This significant new release offers a variety of features which are designed for complex, distributed, and high-volume, velocity data requirements. JBoss Data Grid can support both on-premise and cloud-based infrastructures, and it can handle the near-instantaneous, complex demands of Internet of Things and big data environments.
What It Brings
JBoss Data Grid can be deployed in different architectures, depending on the needs of your environment. In addition to the traditional usage as distributed cache, in-memory data grids can function as the primary data store for applications or as a compute grid for distributed computing.
There are two use cases for using JBoss Data Grid as a data store:
- Data caching and transient storage. As an in-memory data store for frequently accessed application data or for transient data, such as shopping cart information or session data. This avoids hitting transactional backend systems are frequently, which reduces operating costs.

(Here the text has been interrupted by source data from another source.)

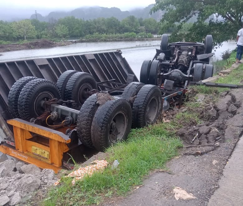 Kecelakaan itu terjadi saat truk kontainer itu berhenti tepat di tepi jalan yang tanahnya tidak stabil.
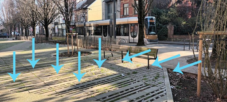 Dans ce projet, il n’ y a pas de noues ou d’autres dispositif d’infiltration particulier: la perméabilisation de cette grande surface suffit à avoir des effets positifs importants car il y a moins de rejets d’eaux de pluie à l’égout et plus d’infiltration dans le sol tout en permettant la verdurisation et ses externalités positives. Les fosses d’arbres dépourvues de bordures contribuent aussi à absorber l’eau de pluie. Ici le fond des fosses est abaissé, ce qui permet aux arbres de stocker plus d’eau en cas de forte pluie.
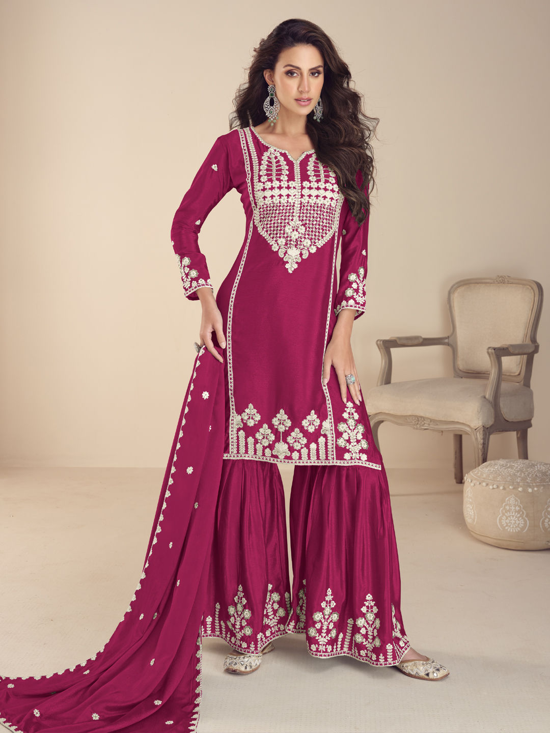 Pink and Majenta color Salwar Kameez in Chiffon fabric with Cut Dana, Embroidered, Sequence, Thread work
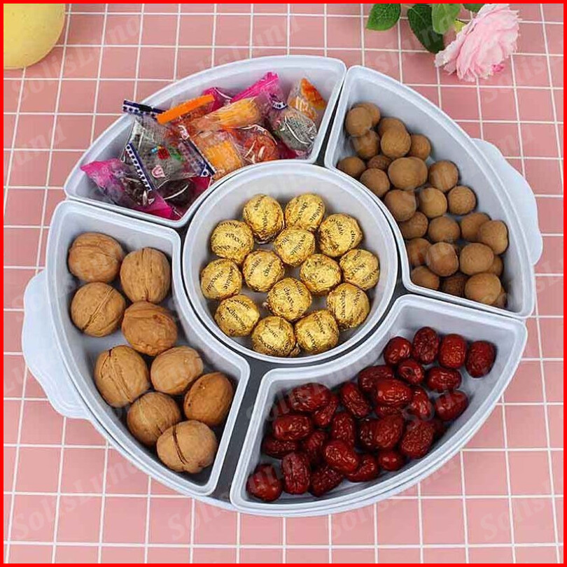 42 Cm Wadah Saji Prasmanan Keramik Kotak Permen Tahan Lembab Yang Disegel Dengan Tutup Kotak Buah Kering Kompartemen Kot
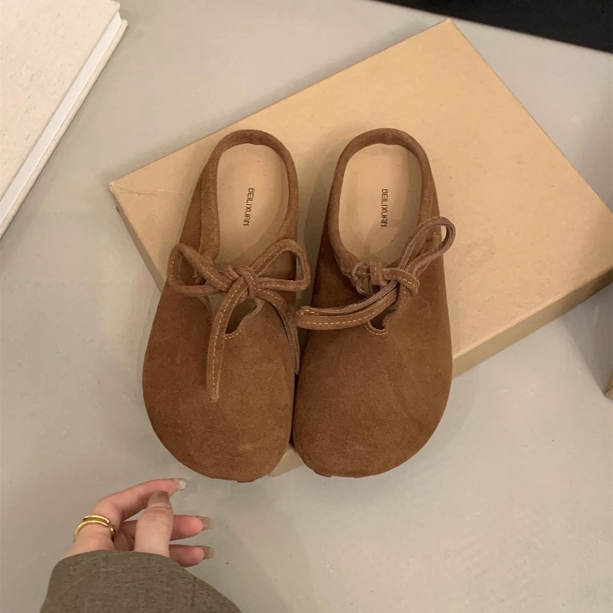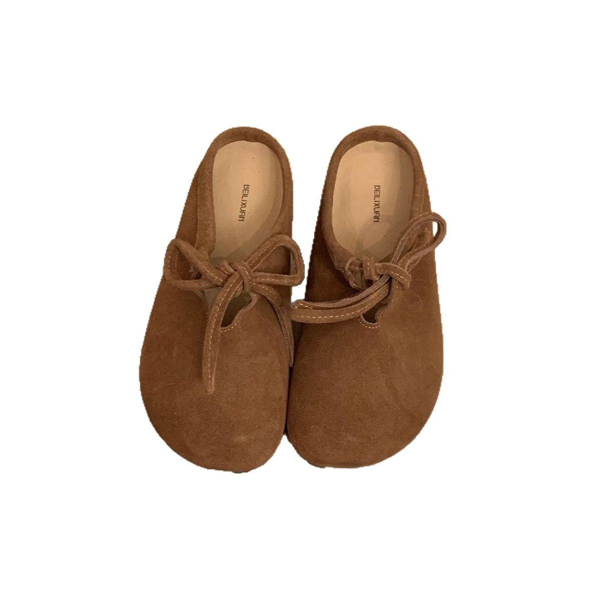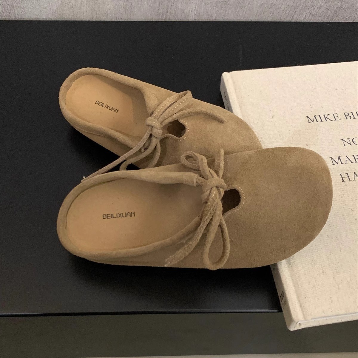 博肯包头半拖鞋女外穿平底半托2025春季新款复古防滑丑萌凉拖鞋

- Primary data store. Data Grid can function as a key-value store similar to a NoSQL database. This can be the primary data source for applications for rapid retrieval of in-memory data and to persist data for recovery and archiving. Applications can run data-intensive operations like queries, transaction management, and distributed workloads.

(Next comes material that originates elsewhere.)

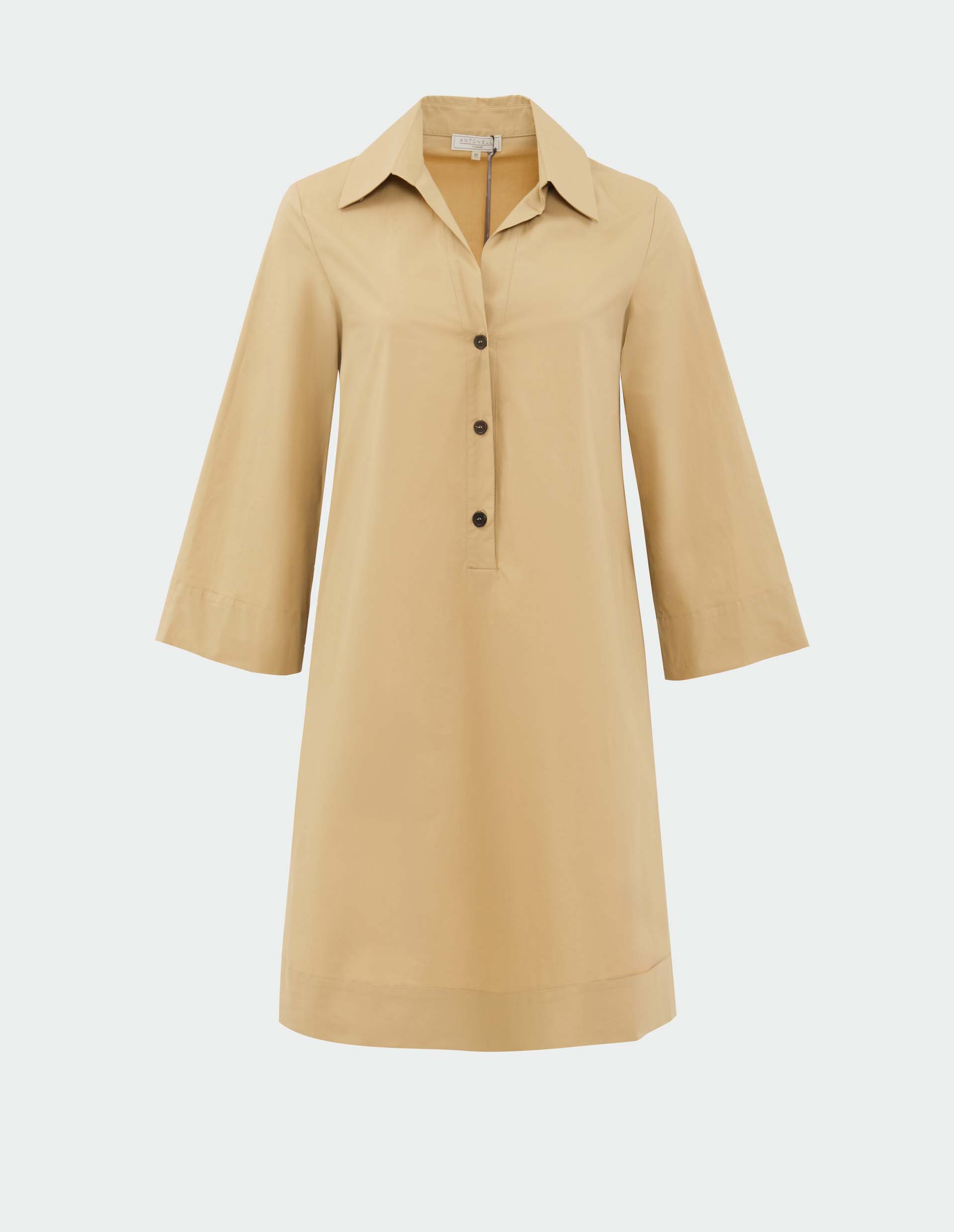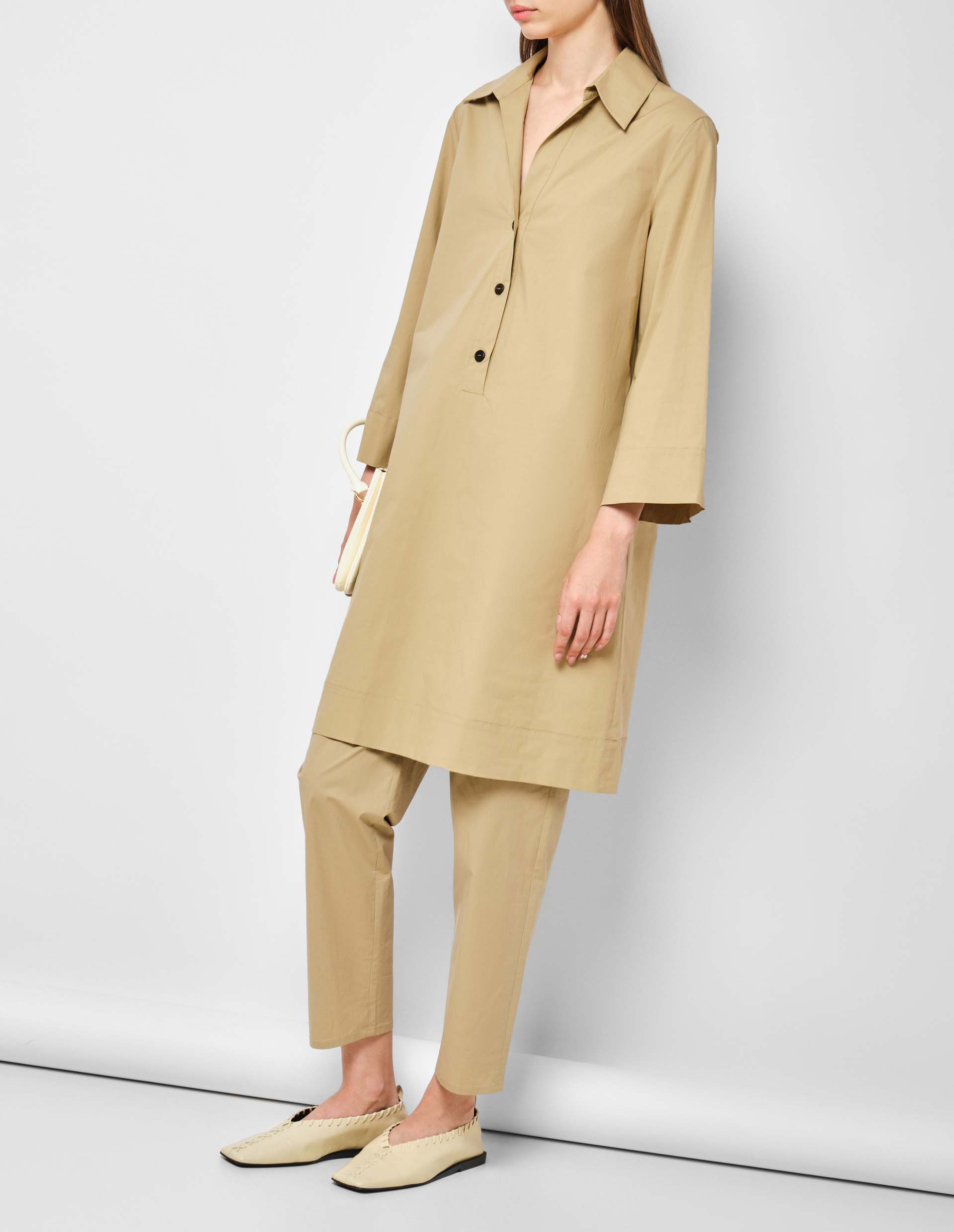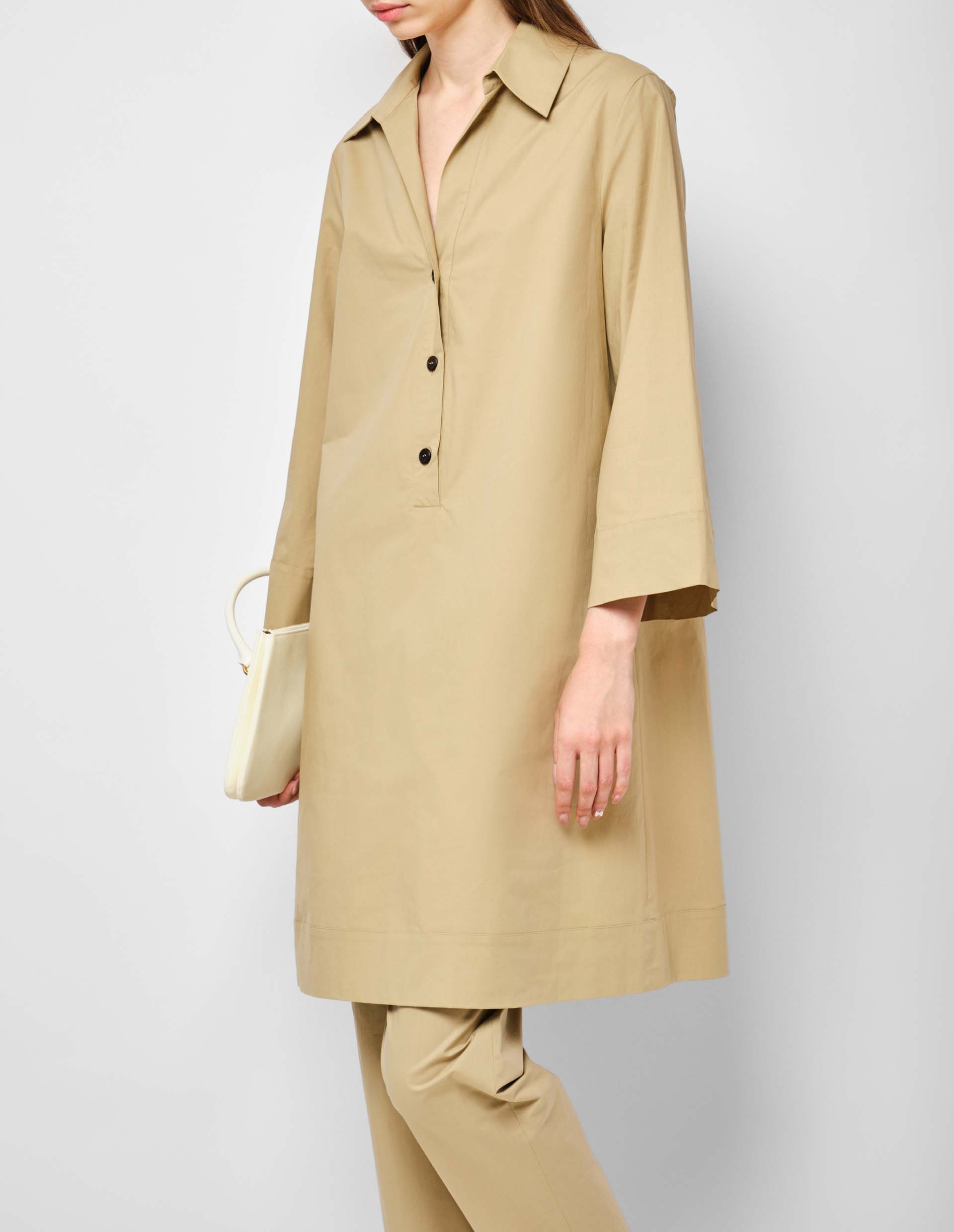 Antonelli Firenze представляет безупречное платье-рубашку, созданное из сочетания органического хлопка и эластана. В ней отражается новое определение современной элегантности и традиционно высокое качество итальянского мастерства. Модель демонстрирует роскошную мягкость, гипоаллергенность натуральных волокон и практичность, подаренную свободным силуэтом. Платье дополнено длинными рукавами с широкими манжетами и роговыми пуговицами на груди, играющими роль функциональной эстетики. Это повседневно-шикарная вещь в природном оттенке Warm Sand, которая поднимет ваш гардероб на новый уровень.

Modern architectures require flexible, distributed, and scalable memory and data storage. Using JBoss Data Grid as a distributed computing grid can help support the most demanding architectures:
- Scale-out compute grid and event-driven computing. Through storage node clusters, JBoss Data Grid can do a distributed architecture with application logic at each node for faster data processing and lower latency and traffic. This architecture also supports event-driven computing by executing application logic at the node as data are updated.

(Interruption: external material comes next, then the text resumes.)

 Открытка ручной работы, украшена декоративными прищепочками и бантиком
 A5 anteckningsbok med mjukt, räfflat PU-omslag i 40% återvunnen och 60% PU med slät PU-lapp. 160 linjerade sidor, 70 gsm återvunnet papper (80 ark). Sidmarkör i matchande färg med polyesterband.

- Big data and the Internet of Things. JBoss Data Grid can support massive data streams — hundreds of thousands of updates per second. The Internet of Things can have data streams from thousands of connected devices, updating frequently. Clustering and scale, application logic and processing, and both in-memory and persistent storage in JBoss Data Grid enable those big data architectures by managing those massive data streams.
Real-Time Analytics and Performance for Digital Business
DIgital transformation means that organizations are pushing into a new intersection between their physical goods or services and online, on-demand applications. This digital environment is reliant on data — and unlike previous generations, this technology uses -near live data streams rather than historical data collections.
JBoss Data Grid is a leading high-performance, highly-scalable, in-memory data grid. In-memory data grids provide a means of scalable memory so that even rapidly changing application data can be processed. Better data processing and management enables organizations to make fast, accurate decisions using large data streams. JBoss Data Grid 7.0 offers a data foundation for real time analytics:
- Low latency data processing through memory and distributed parallel execution
- Data partitioning and distribution across cluster nodes for horizontal scalability
- High availability through data replication
- Shared data services for real-time and in-memory analytics and event processing
A Short List of Major Features
The release notes cover the full features and enhancements for JBoss Data Grid 7.0. There are a number of features for improved ease of use, real-time analytics, and language support:
- Distributed streams, which uses the Java 8 Stream API to take complex collections of data and run defined analytics operations.
- Resilient distributed dataset (RDD) and DStream integration with Apache Spark 1.6, allowing Data Grid to be a data source for Spark and to execute Spark and Spark Streaming operations on data in Data Grid.
- Hadoop InputFormat/OutputFormat integration, so that Hadoop tooling and oeprations can be used with data stored in Data Grid.
- New administrative consoles for cluster management to simplify common tasks for managing the cache, nodes, and remote tasks.
- Control operations for clusters including graceful shutdowns and startup and restores from persistent storage.
- A new Node.js Hot Rod client to support using Data Grid as a NoSQL database with Node.js applications.
- Running remote tasks (business logic) on a Data Grid server from the Java Hot Rod client.
- Support for a Cassandra cache store, which persists the entries of a distributed cache on a shared Apache Cassandra instance.